Reporters will discover more flaws; we are well used to the fact that political candidates aren't perfect. I'd take him over Trump in a nanosecond. But the fantasy of November 2020 is a long way off. First, Schultz has an equally important mission: to resurrect the Democratic Party, meaning the Democratic Party of Bill Clinton and JFK — liberal internationalist, pro-growth and economically sensible. Even — let's say it out loud ­— "pro-business."

Pro-business does not mean, necessarily, either lowering or raising corporate taxes, or governing in the narrow interest of Schultz's richly paid fellow CEOs.

Pro-business is a mind-set. It means recognizing that no redistribution of income can succeed if the underlying economy that creates the income is not itself successful. It means recognizing that success in business is a good thing.

Remarkable this needs saying in the country that all but invented modern capitalism, but the center has fallen away from the Democratic Party. One of Trump's most corrosive effects is to have destroyed the appeal of moderation.

Even before the last election, Bernie Sanders, a socialist, had more energy than any of the Democrats. In this cycle, among elected office holders, Elizabeth Warren has more purchase among blue voters than anyone else. Sanders and Warren both routinely demonize bankers and corporations. Rhetoric to the contrary, profitmaking banks — well-regulated, and with regulations that are strictly enforced — are a good thing, so that the next returning voyager from Italy with a worthy idea can get a loan.

Among potential Democratic contenders, you scarcely hear a favorable word about corporations — even to say "favorable" and "corporations" in the same sentence sounds a little funny these days. It shouldn't. Though they are loath to admit it, the Democrats' enthusiasm for trade is scarcely greater than that of the White House.

Schultz could, if he chose, be a beacon for liberal Democratic ideals without the we-against-they populism that has also infected the political left. The son of a Brooklyn truck driver, Schultz has an obvious empathy with today's struggling wage earners.
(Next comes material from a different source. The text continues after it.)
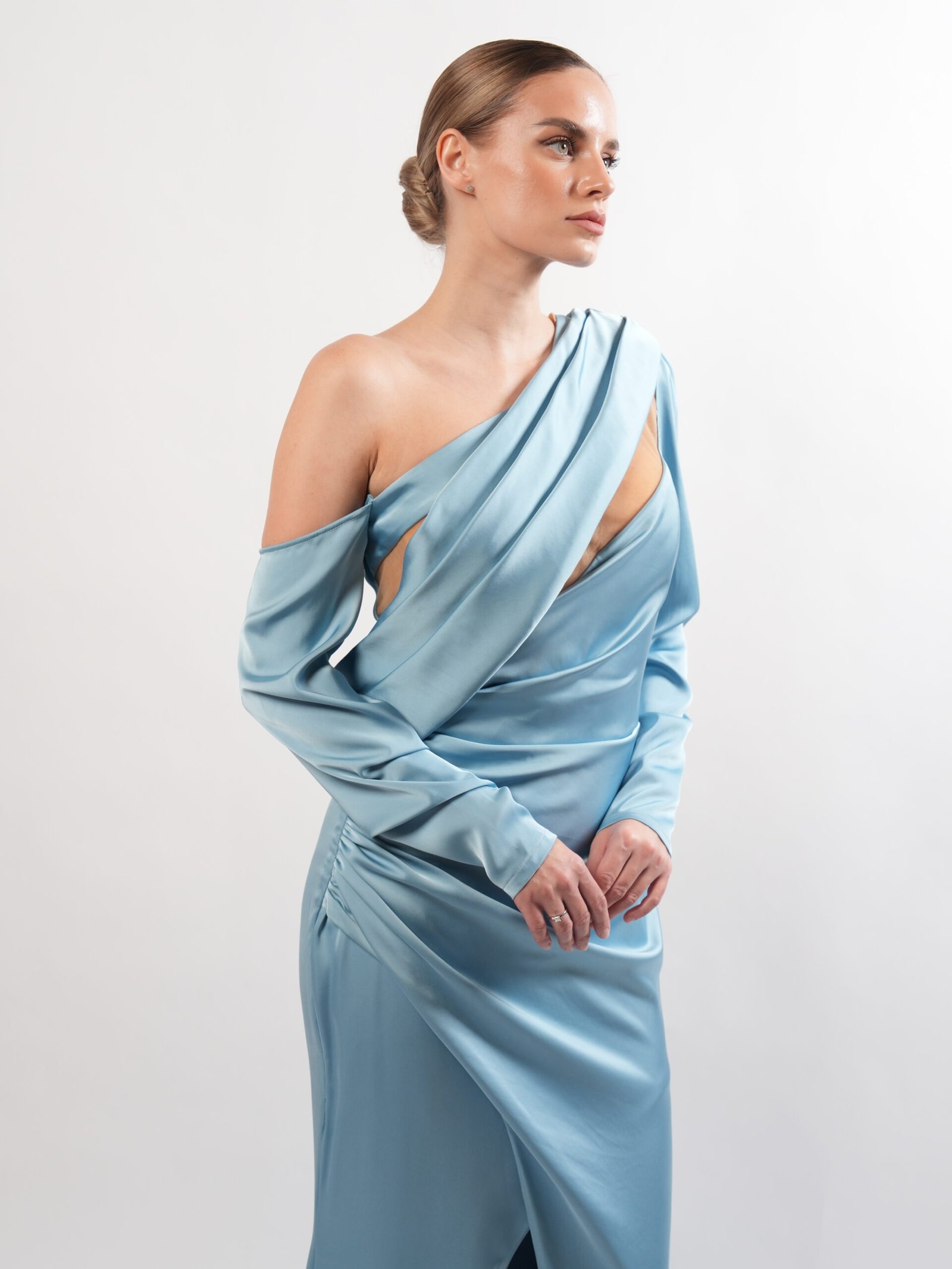 The HOPE Satin Dress is an elegant piece crafted from smooth, lustrous satin fabric that delivers a refined and polished look. Designed with a timeless silhouette, this dress is suitable for evening events, formal occasions, or special gatherings where understated elegance is key.

Starbucks was an early adopter, for a fast-food chain, to pay health care benefits; famously, it pays college tuition for some employees and stock options even to part-time workers.

Make no mistake: Starbucks baristas are low on the wage scale, estimated on average at close to $10 an hour, not including benefits. Schultz was in business for profit; he would say wages (with some reasonable floor) are set by supply and demand. As a politician, he is apt to pursue policies than expand opportunities for the bottom, as distinct from targeting the top. He'll support progressive taxation, but I'm guessing that his goal — an important distinction — will be raising potentials, and eventually outcomes, for the disadvantaged and the middle class, rather than equality per se.

As both a capitalist and liberal, he knows that desirable social policies (including protecting the environment, on which he has been outspoken) also entail costs, regardless of who is paying for them. He recognizes, or has the experience to recognize, that politics involves trade-offs. The appeal of Schultz is not tethered to a particular policy, but it is informed by the idea that liberal capitalism and liberal democracy are not in conflict (in fact, each is a pillar of the other). The hope — this writer's hope — is that Schultz can reclaim the disappearing middle-ground in American politics.

Roger Lowenstein is a financial journalist and author of six books, including "America's Banks: The Epic Struggle to Create the Federal Reserve." He wrote this article for the Washington Post.